Ageing and amyloidosis underlie the molecular and pathological alterations of tau in a mouse model of familial Alzheimer's disease.

Despite compelling evidence that the accumulation of amyloid-beta (Aß) promotes neocortical MAPT (tau) aggregation in familial and idiopathic Alzheimer's disease (AD), murine models of cerebral amyloidosis are not considered to develop tau-associated pathology. In the present study, we show that tau can accumulate spontaneously in aged transgenic APPswe/PS1ΔE9 mice. Tau pathology is abundant around Aß deposits, and further characterized by accumulation of Gallyas and thioflavin-S-positive inclusions, which were detected in the APPswe/PS1ΔE9 brain at 18 months of age. Age-dependent increases in argyrophilia correlated positively with binding levels of the paired helical filament (PHF) tracer [18F]Flortaucipir, in all brain areas examined. Sarkosyl-insoluble PHFs were visualized by electron microscopy. Quantitative proteomics identified sequences of hyperphosphorylated and three-repeat tau in transgenic mice, along with signs of RNA missplicing, ribosomal dysregulation and disturbed energy metabolism.
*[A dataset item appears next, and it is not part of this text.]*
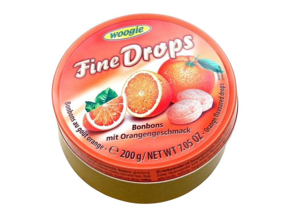 Proč si vybrat Woogie Fine Drops bonbóny v plechové dóze, pomeranč 200g?

Tissue from the frontal gyrus of human subjects was used to validate these findings, revealing primarily quantitative differences between the tau pathology observed in AD patient vs. transgenic mouse tissue. As physiological levels of endogenous, 'wild-type' tau aggregate secondarily to Aß in APPswe/PS1ΔE9 mice, this study suggests that amyloidosis is both necessary and sufficient to drive tauopathy in experimental models of familial AD.
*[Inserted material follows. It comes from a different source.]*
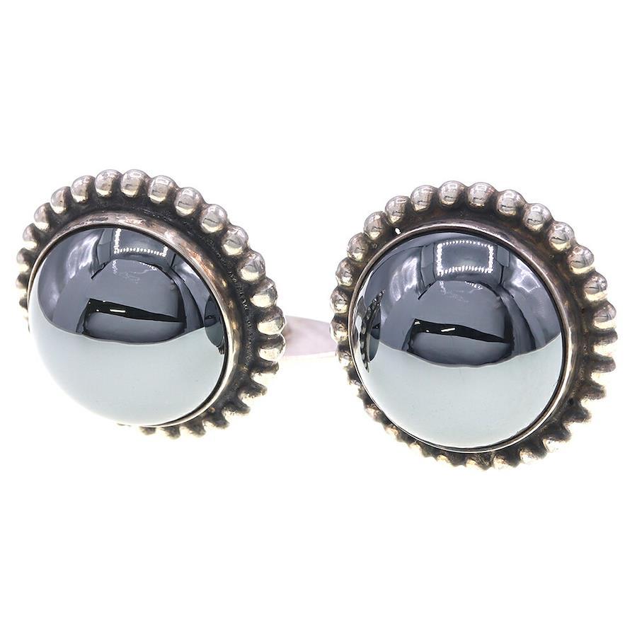 ジョージェンセンカフスデザインナンバー25SVスターリングシルバー925ヘマタイト中古カフスボタンカフリンクスビジネスメンズGEORGJENSEN

Neuroinflammation and amyloid-beta 40 are associated with reduced serotonin transporter (SERT) activity in a transgenic model of familial Alzheimer's disease.
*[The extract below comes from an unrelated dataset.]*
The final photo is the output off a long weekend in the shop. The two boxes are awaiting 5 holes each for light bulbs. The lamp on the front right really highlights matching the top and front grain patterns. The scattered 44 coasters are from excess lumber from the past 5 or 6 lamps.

BACKGROUND: Discrepant and often contradictory results have accumulated regarding the antidepressant and pro-cognitive effects of serotonin transporter (SERT) antagonists in Alzheimer's disease. METHODS: To address the discrepancy, we measured the activity and density of SERT in the neocortex of 3-24-month-old APPswe/PS1dE9 and wild-type littermate mice, by using [3H]DASB autoradiography and the [3H]5-HT uptake assay. Levels of soluble amyloid-ß (Aß), and pro-inflammatory cytokines that can regulate SERT function, such as interleukin-1ß (IL-1ß), interleukin-6 (IL-6), and tumor necrosis factor (TNF), were measured in parallel. Neuroinflammation in aging APPswe/PS1dE9 mice was further evaluated by [3H]PK11195 autoradiography. RESULTS: Decreased SERT density was observed in the parietal and frontal cortex of 18-24-month-old APPswe/PS1dE9 mice, compared to age-matched, wild-type animals. The maximal velocity uptake rate (Vmax) of [3H]5-HT was reduced in neocortical preparations from 20-month-old transgenic vs. wild-type mice. The reduction was observed when the proportion of soluble Aß40 in the Aß40/42 ratio increased in the aged transgenic brain. At concentrations compatible with those measured in 20-month-old APPswe/PS1dE9 mice, synthetic human Aß40, but not Aß42, reduced the baseline Vmax of [3H]5-HT by ~ 20%. Neuroinflammation in APPswe/PS1dE9 vs. wild-type mice was evidenced by elevated [3H]PK11195 binding levels and increased concentration of IL-1ß protein, which preceded the reductions in neocortical SERT density and activity. Age-induced increases in the levels of IL-1ß, IL-6, and TNF were observed in both transgenic and wild-type animals. CONCLUSIONS: The progression of cerebral amyloidosis is associated with neuroinflammation and decreased presynaptic markers of serotonergic integrity and activity. The Aß40-induced reduction in the uptake kinetics of [3H]5-HT suggests that the activity of SERT, and potentially the effects of SERT antagonism, depend on the levels of interstitial Aß40.